▶ [EXERCISE PROMPT]: For the records below, output word for word the lines from the one with "Tapete Persa Qom" up to and including the one with "Natura XL Earrings, Portuguese". No pictures.

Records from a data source
########################################
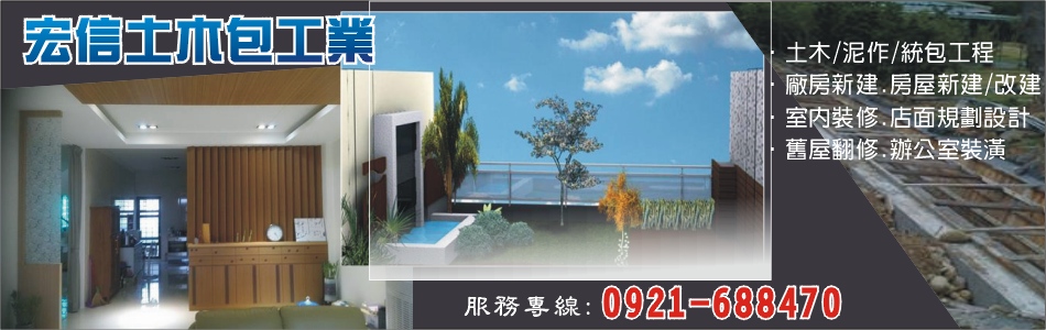 經營項目:景觀綠化工程、土木統包工程、房屋裝修、房屋整修、房屋改建、房屋新建、室內整修、辦公室裝修、舊屋翻修、舊屋翻新、店舖裝修、店面裝修、餐廳裝修、泥作工程、廣場鋪面...等。
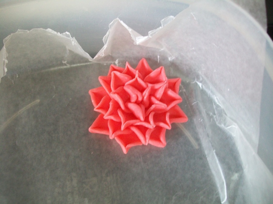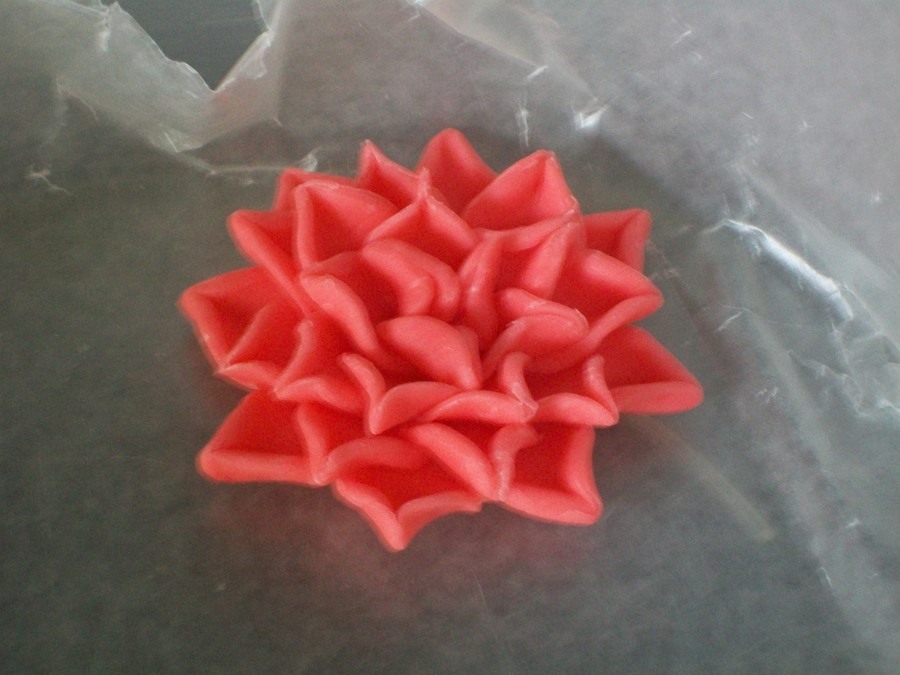 Practicing the dahlia as seen on so many of the beautiful cakes on this site. Used this solo flower on a dark chocolate mint cake. Of course, I forgot to take a photo of the cake before we served it.
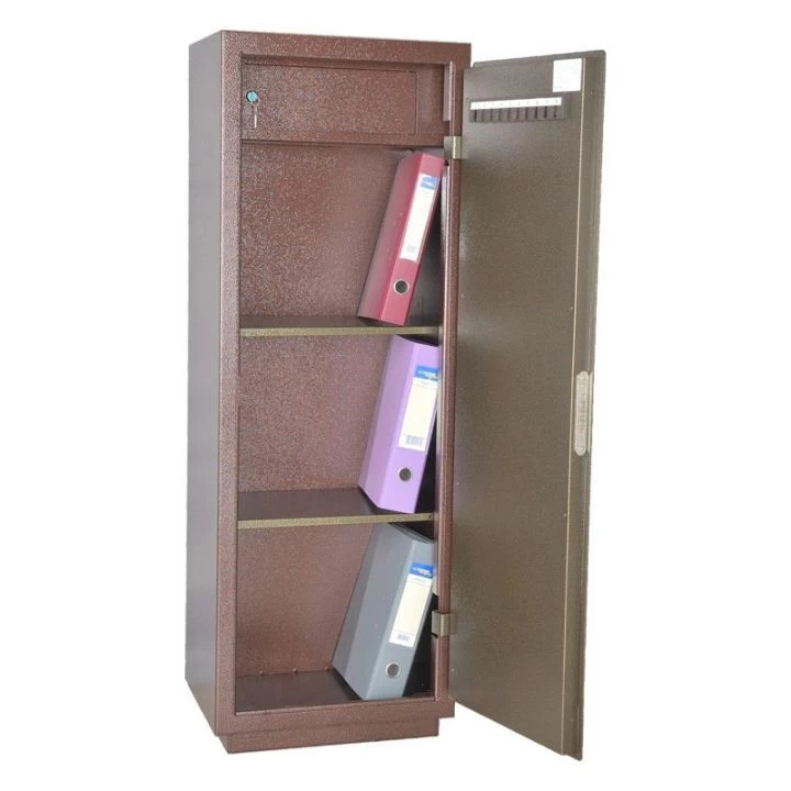 Сейф односекционный, оснащен двумя съемными полками и Трейзером. В двери установлен ключевой 8-ми сувальдный замок ЗАО «Про-Сам» г. Рязань или аналогичный замок другого производителя.
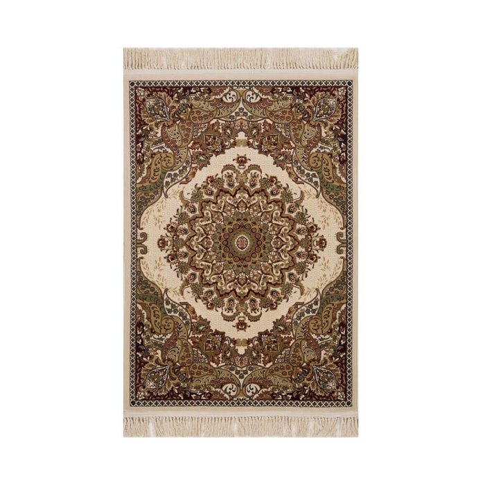 Tapete Persa Qom Bege com Detalhes Florais - 57x90cm
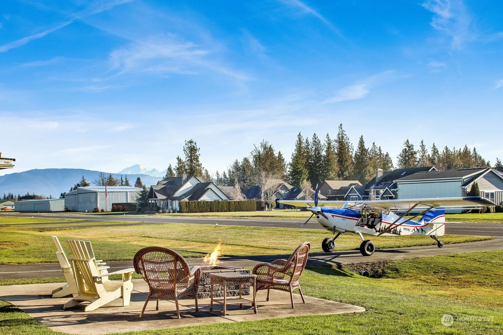 Every Pilot’s Dream! Live the ultimate aviator lifestyle with this meticulously maintained home on the Lynden Airport with direct access to the runway & a 54×32′ airport hangar with a 38′ Schweiss bi-fold door. Enough room for a plane + a boat or trailer. Inside enjoy the warmth of a great room with vaulted ceilings, gas fp, a spacious kitchen with maple cabinets, composite counters, bonus room + loft, & a luxurious primary suite with a corner jetted tub, walk-in closet, walk-in shower, & double sink vanity. Additional perks include an extra-deep garage, rat slab, compressed air lines, AC, central vac, wired for a generator, RV dump, + in-ground irrigation. Fly to work or explore the skies-this is the dream home you’ve been waiting for!
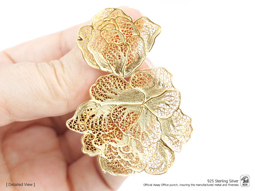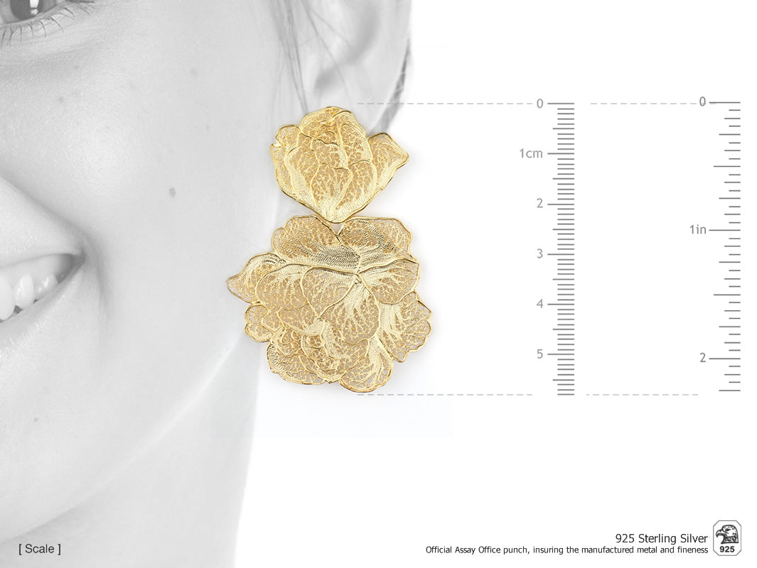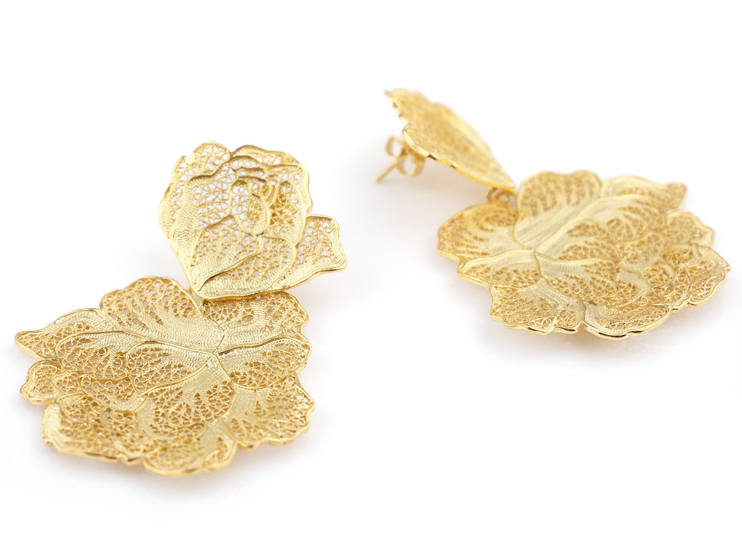 Natura XL Earrings, Portuguese Filigree, Golden 925 Sterling Silver
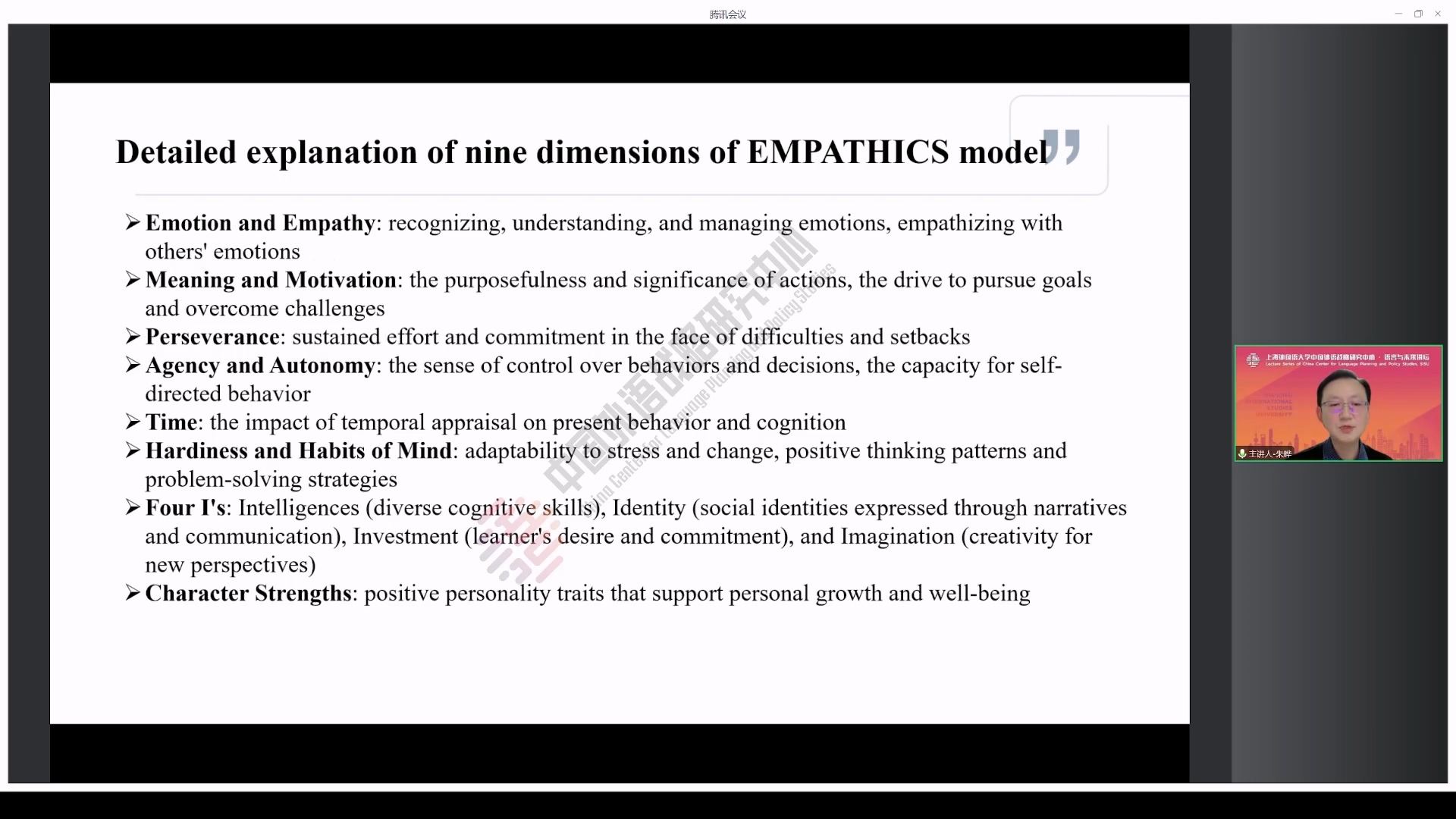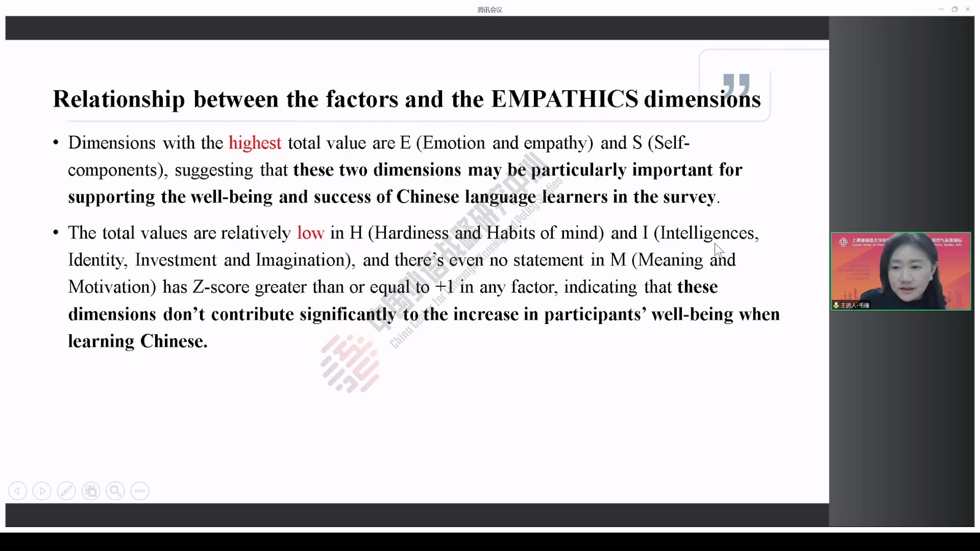接着,毛峰副教授展示了基于EMPATHICS模型的实证研究成果,重点探讨了情绪调节和学习动机对汉语学习的影响。她结合Q方法对留学生的情绪体验和学习动机进行了量化分析,揭示了不同情境下学习者的情感模式和动机差异。研究发现,情绪调节能力较强的学生在面对学习挑战时能够保持较高的动机水平,表现出更好的学习适应性。毛副教授指出,基于EMPATHICS模型的教学策略,能够有效促进学生情绪的正向调节,从而增强他们的学习投入感和语言学习成绩。通过引入情绪支持和心理调节,教师可以为学生创造更为人性化的教学环境,帮助他们应对学习中的情感困境,从而提升整体学习效果。
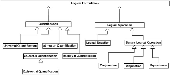 Finally, a SBVR rule is an element of guidance that introduces an obligation or necessity and distinguishing two general types: (1) structural rules, which describe the way the business chooses to organize the things it deals with; and (2) operative rules, which govern the conduct of business activity by describing business processes. Both types of rules are built imposing restrictions over fact types by using quantifiers, logical operators, etc. Figure 2 shows the structural organization of quantifications and logical operations.
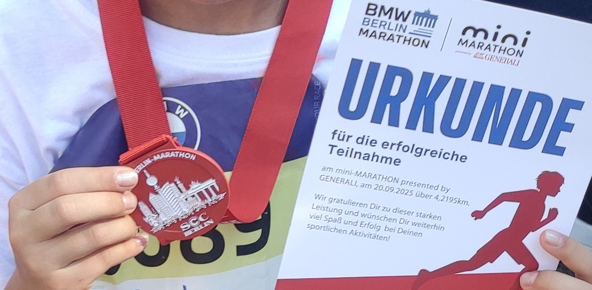 Beim Mini-Marathon liefen 30 Kinder exakt 4,2195 Kilometer vom Potsdamer Platz bis zum Zieleinlauf auf der Straße des 17. Juni. Bei sommerlichen 25 Grad strahlten die Sonne und die sichtlich stolzen Läuferinnen und Läufer um die Wette, als sie ihre Medaillen und Urkunden für diesen tollen sportlichen Einsatz erhielten.
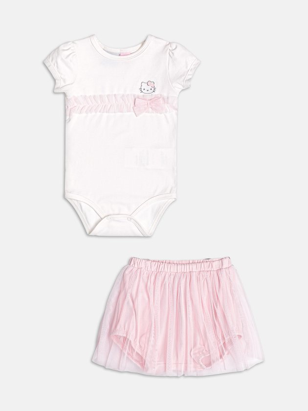 Delicado e super fofo! A blusa traz estampa da Hello Kitty com aplicação de strass, combinando perfeitamente com a saia de tule rosa, que adiciona volume, movimento e aquele toque lúdico que deixa o look ainda mais especial.
########################################
▶ [FINISHED TASK]:
 Tapete Persa Qom Bege com Detalhes Florais - 57x90cm
 Every Pilot’s Dream! Live the ultimate aviator lifestyle with this meticulously maintained home on the Lynden Airport with direct access to the runway & a 54×32′ airport hangar with a 38′ Schweiss bi-fold door. Enough room for a plane + a boat or trailer. Inside enjoy the warmth of a great room with vaulted ceilings, gas fp, a spacious kitchen with maple cabinets, composite counters, bonus room + loft, & a luxurious primary suite with a corner jetted tub, walk-in closet, walk-in shower, & double sink vanity. Additional perks include an extra-deep garage, rat slab, compressed air lines, AC, central vac, wired for a generator, RV dump, + in-ground irrigation. Fly to work or explore the skies-this is the dream home you’ve been waiting for!
 Natura XL Earrings, Portuguese Filigree, Golden 925 Sterling Silver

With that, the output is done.